CourtU.S. District Court — Eastern District of Wisconsin

Ruttenberg & Ruttenberg, Chicago, Ill., for plaintiffs.

Kivett & Kasdorf, Milwaukee, Wis., for defendant.

OPINION and ORDER

MYRON L. GORDON, District Judge.

This case is now before the court on plaintiffs' motion to strike the affirmative defenses of Ray. The two defenses are basically as follows: that the action is barred by virtue of the Tennessee statute of limitations which provides that action against a tortfeasor must be commenced within one year from the date of the occurrence; and that Tennessee law provides that contributory negligence upon the part of a person seeking recovery shall bar that person from recovery.

The action arises out of a Tennessee automobile accident between two Illinois plaintiffs, Nanette Angel and Christine Kammerer Rook, and a Wisconsin defendant, Charles Ray. The accident occurred on July 30, 1966. On July 18, 1967, the plaintiffs filed a complaint in the United States district court for the northern district of Illinois against the defendant's insurance company, Dairyland Insurance Company, a Wisconsin corporation. On July 21, 1967, Dairyland's agent in Milwaukee was served with an Illinois federal court summons and complaint.

On August 17, 1967, Dairyland moved to quash the service of the summons and to dismiss the action. One week later, the plaintiffs filed a motion for leave to amend their complaint and for transfer to the U. S. district court for the eastern district of Wisconsin. The amended complaint proposed to substitute as named defendant, Charles Ray, in addition to dismissing Dairyland from the action. The grounds for transfer, as stated in the motion, were the convenience of the parties and the interests of justice.

The present motion to strike is made pursuant to rule 12(f) of the Federal Rules of Civil Procedure, which states in part:

"* * * the court may order stricken from any pleading any insufficient defense or any redundant, immaterial, impertinent, or scandalous matter."

The plaintiffs contend that the affirmative defenses are insufficient since the action was instituted within one year from the date of the accident and then merely transferred to this court. They further contend that the substantive law of Wisconsin applies, and therefore the defense of contributory negligence is not applicable.

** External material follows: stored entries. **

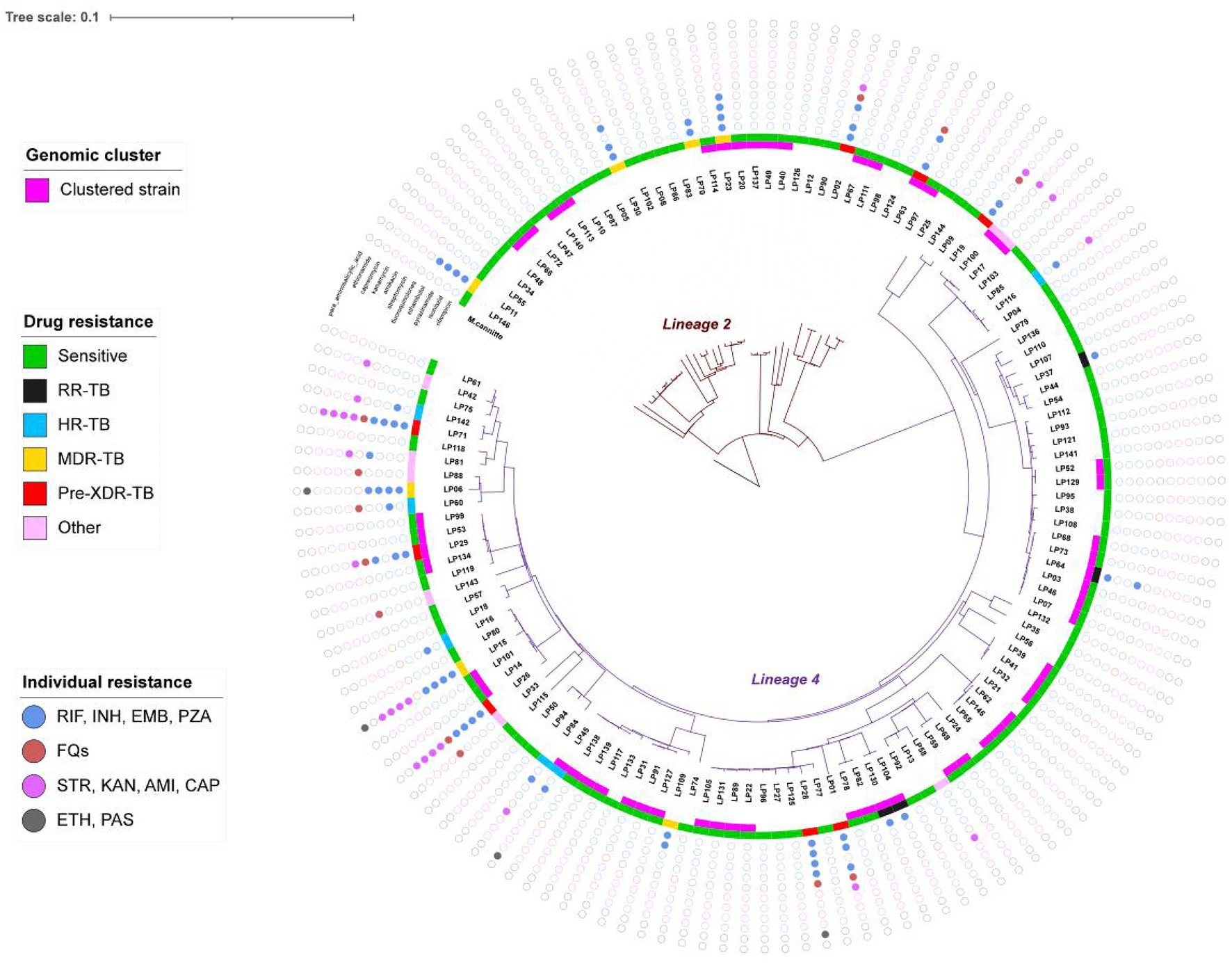 Figure 2. The maximum likelihood phylogeny tree of 136 strains. The inner branch indicates the genetic distance, the pink belt of inner circle indicates genomic-clustered strains differing by ≤12 single-nucleotide polymorphisms, the different color of middle circle indicates the drug resistant type and the outermost colored dots indicates the resistance to 11 anti-TB drugs. Mycobacterium canettii was used as an outgroup.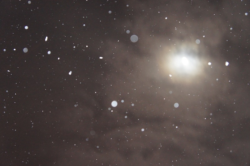 酔っぱらって撮った月と雪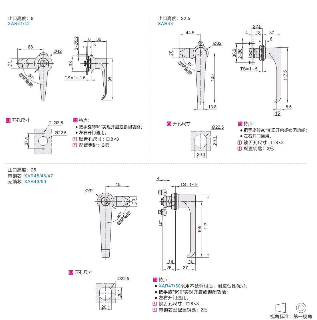 | XAR45 | 25 | 带锁芯 | 镀亮铬 | 镀蓝白锌 | 0.2 | |||||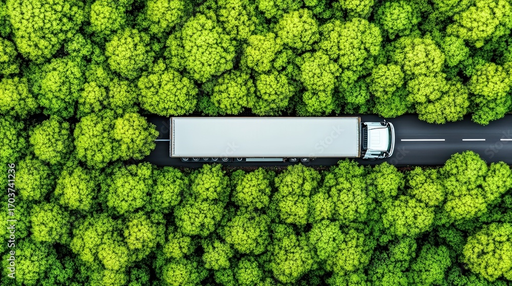 An aerial view of a truck moving through lush green trees captures the essence of transportation in nature, Ideal for logistics, environmental themes, or nature conservation projects, #1703741236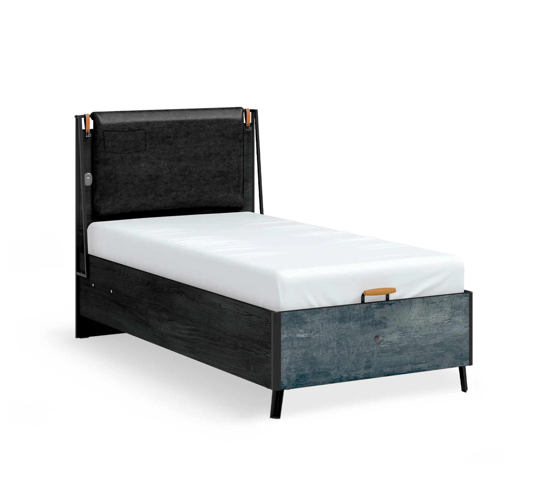 An alles gedacht: Im Kopfteil ist eine USB-Ladestation integriert, sodass Smartphone oder Tablet über Nacht bequem direkt am Bett geladen werden können. Zudem bieten praktische Seitentaschen am Kopfteil sowie ein dekorativer Reißverschluss Platz für Kleinigkeiten wie Ladekabel, Fernbedienung oder die Lieblingslektüre. Die markante Farbkombination aus dunklen Grautönen und tiefem Schwarz verleiht dem Raum eine coole, erwachsene Atmosphäre. Das absolute Highlight ist das handgefertigte Kopfteil aus hochwertigem Kunstleder. Mit seinen groben Nähten und dem Metallgestell setzt es optische Akzente, während die weiche Polsterung für maximalen Komfort beim Lesen oder Streamen sorgt.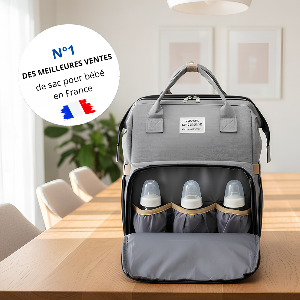 Un sac intelligent qui s'adapte à votre vie. Organisez l'essentiel, reposez bébé confortablement et restez connecté partout.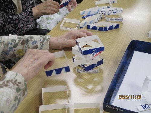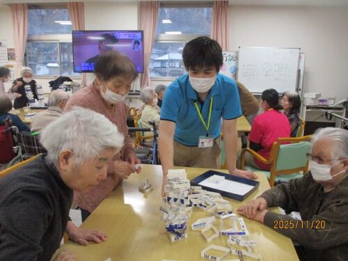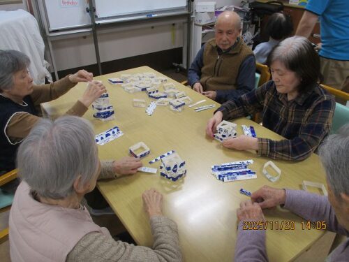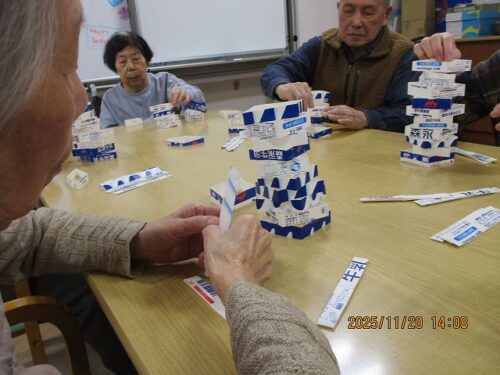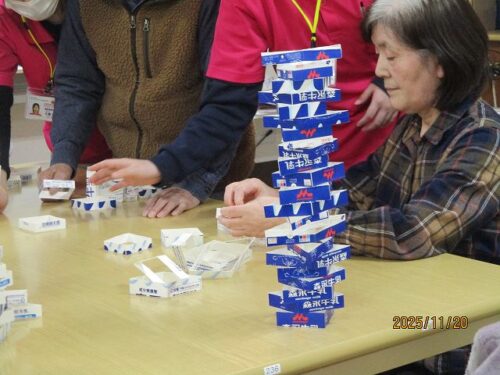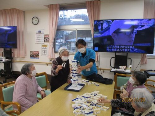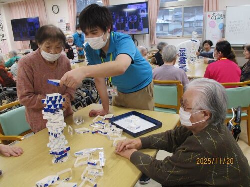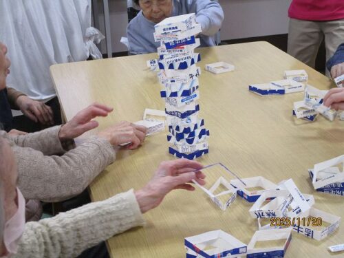 数人でチームを組み、輪っかをどんどん積み重ねていき、一番高く

One of the purposes of a motion to strike is to gain an early adjudication as to the legal sufficiency of defenses set forth in the answer of the defendant. United States v. Southerly Portion of Bodie Island, N. C., 114 F. Supp. 427 (E.D.N.C.1953). Such a motion should be denied if the defense set forth is sufficient as a matter of law, or if it fairly presents a question of law and fact that the court ought to hear. Talarowski v. Pennsylvania Railroad Company, 135 F.Supp. 503 (D.Del.1955).

FIRST AFFIRMATIVE DEFENSE

The plaintiffs concede that the Tennessee one year statute of limitations is applicable whether by virtue of Wisconsin law (Wis.Stat. § 893.205) or Illinois law (Ill.Rev.Stat. Ch. 83, § 21). The plaintiffs contend that the action was commenced within this period. Although the amended complaint substituting Charles Ray as the named defendant was filed after the one year period had expired, the plaintiffs argue that it relates back to the timely commencement against Dairyland Insurance Company.

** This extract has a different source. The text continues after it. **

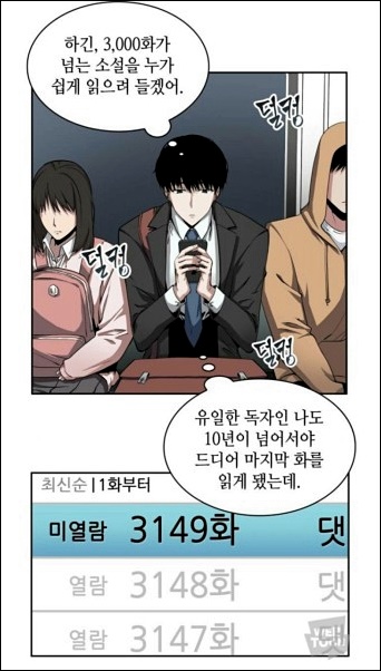 전지적 작가 시점은 간단하게 내용을 보자면, 현실에선 아직 인턴인 김 독자는 연재 중인 웹소설을 보면서 시작됩니다.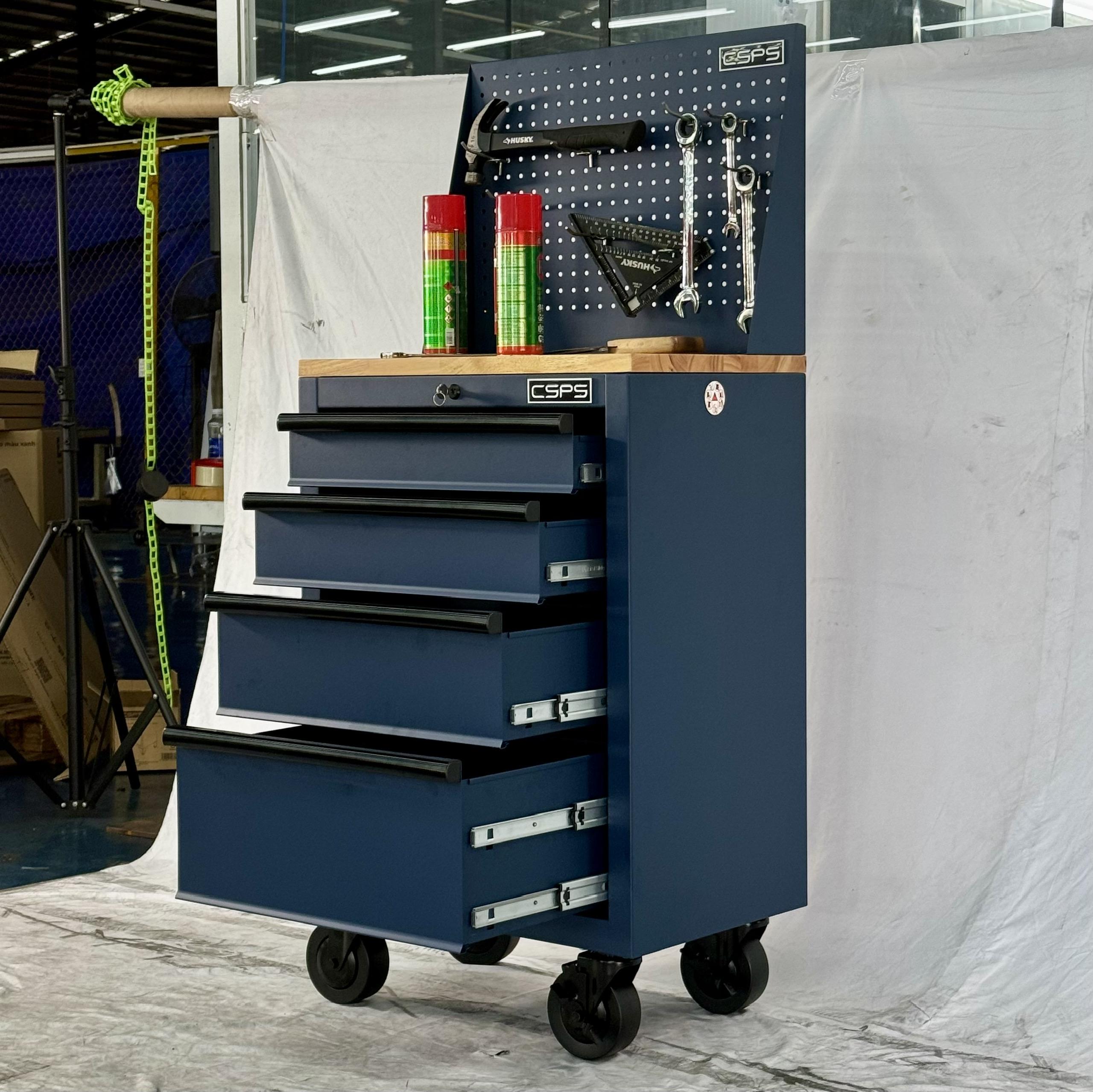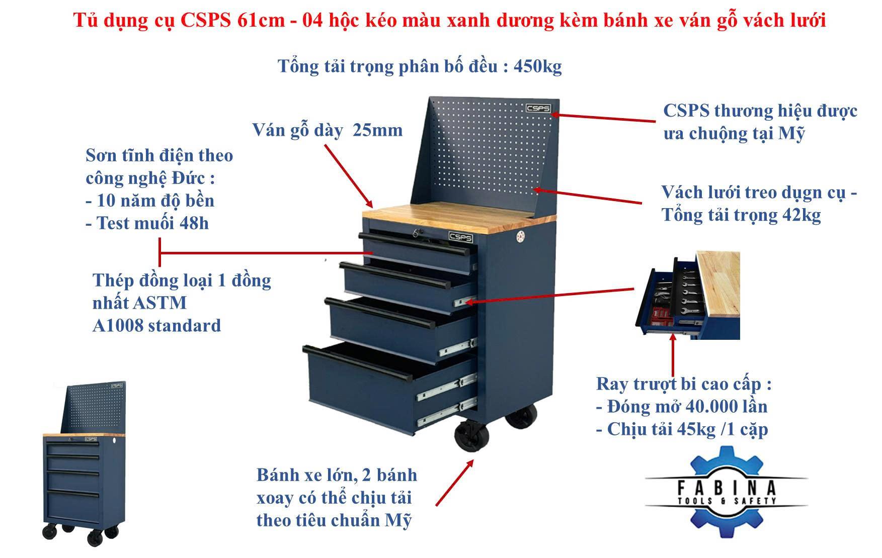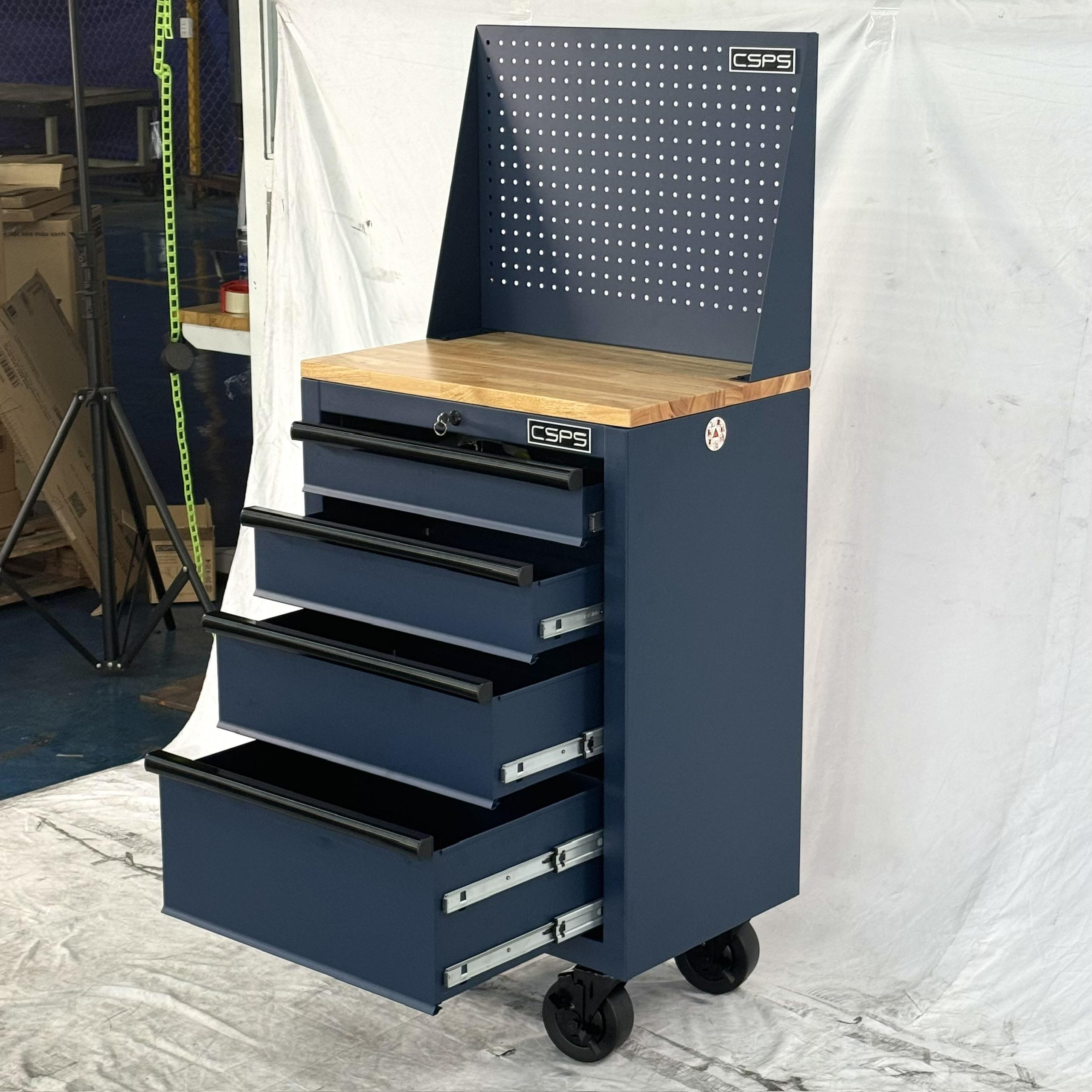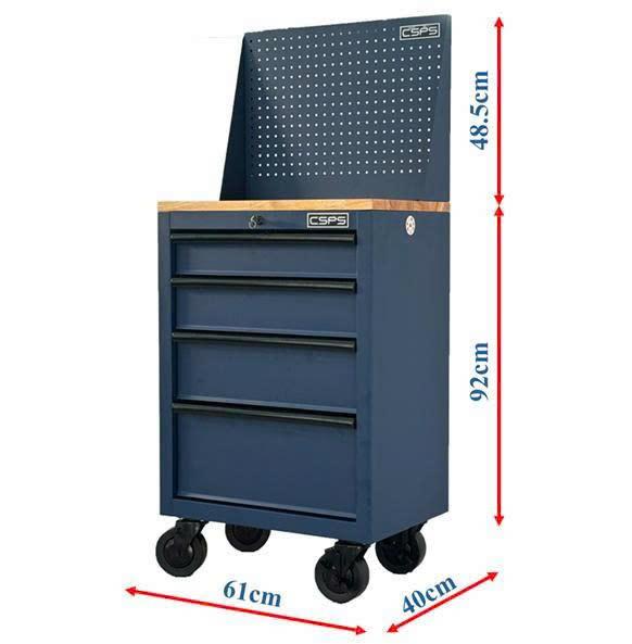 Tủ dụng cụ CSPS 61cm - 04 hộc kéo màu xanh dương kèm bánh xe ván gỗ vách lưới

In their reply brief in support of this motion, the plaintiffs forthrightly acknowledge that should this court find that the amended complaint against Ray does not relate back to the commencement of the original action against Dairyland, then this action "is clearly timed barred and should be dismissed". Rule 15(c) of the Federal Rules of Civil Procedure provides for relation back of amended pleadings. However, the plaintiffs attempt to show that the prerequisites of rule 15(c) have in fact been satisfied since the same event is the subject matter of both the original and the amended complaint.

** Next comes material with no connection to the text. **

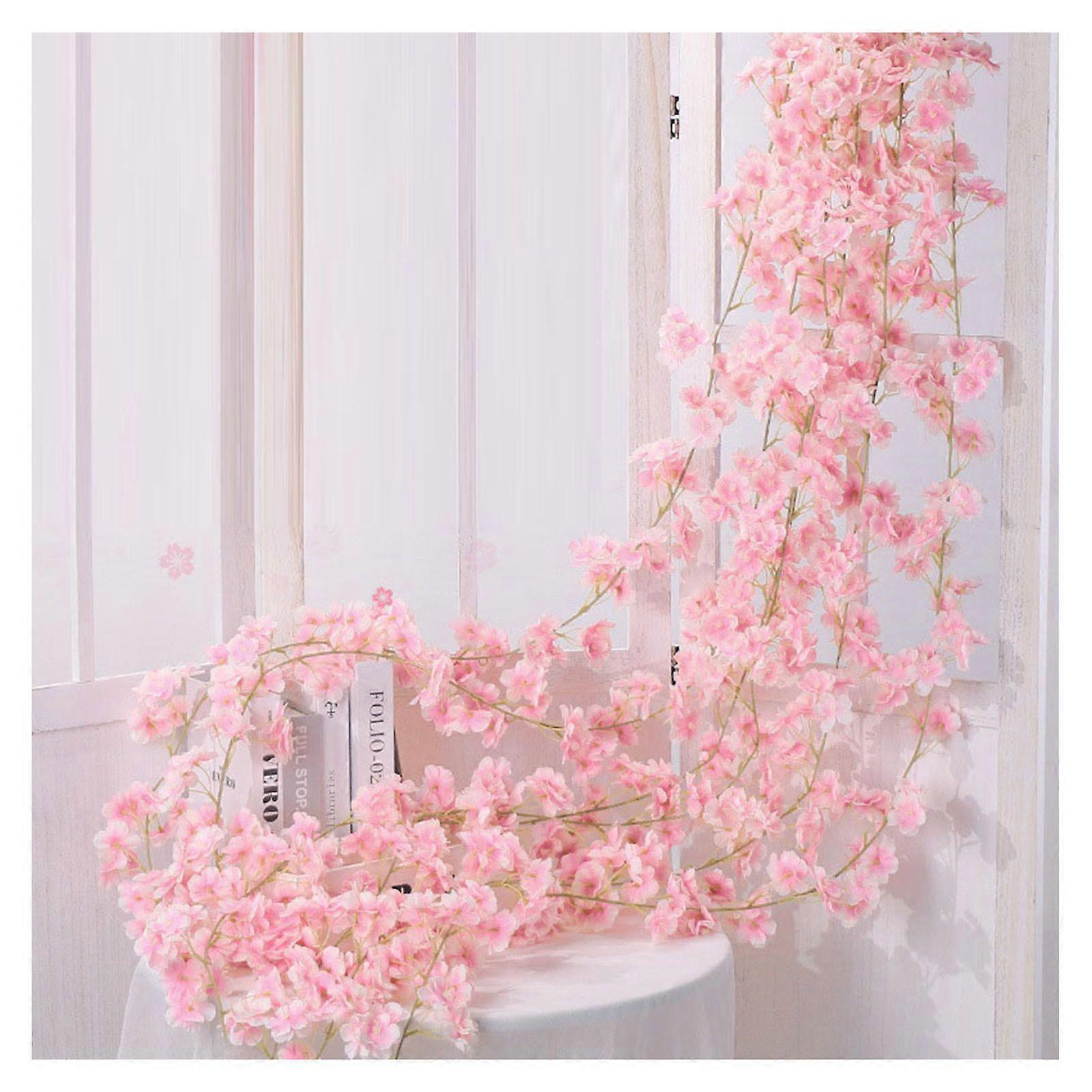 1.8m 256 Simulated Artificial Sakura Flower Garland Hanging Vines for Spring Home Room Wedding Party Decor Light Pink

The court believes that the requirements of rule 15(c) have been satisfied by the plaintiffs. The issue of the statute of limitations in this case is one which can and should be resolved before trial. The basic facts concerning the statute of limitations are not in issue, and the legal consequences are properly determinable on this motion to strike the defense. Even if it can be said that the Illinois federal district court did not impliedly set the statute of limitations issue at rest in ordering that Mr. Ray be made a party, I believe it fair to apply the "relation back" doctrine upon these facts. The notice requirements of rule 15(c) have been satisfied because of the "identity of interests" between the insurance company and the insured. Under the terms of the insurance, Dairyland was obligated to protect the interests of the substituted defendant, Charles Ray. Dairyland had a standing to and should have raised any objections there may have been to allowing the amendment before the Illinois federal court granted same.

SECOND AFFIRMATIVE DEFENSE

As an affirmative defense, the...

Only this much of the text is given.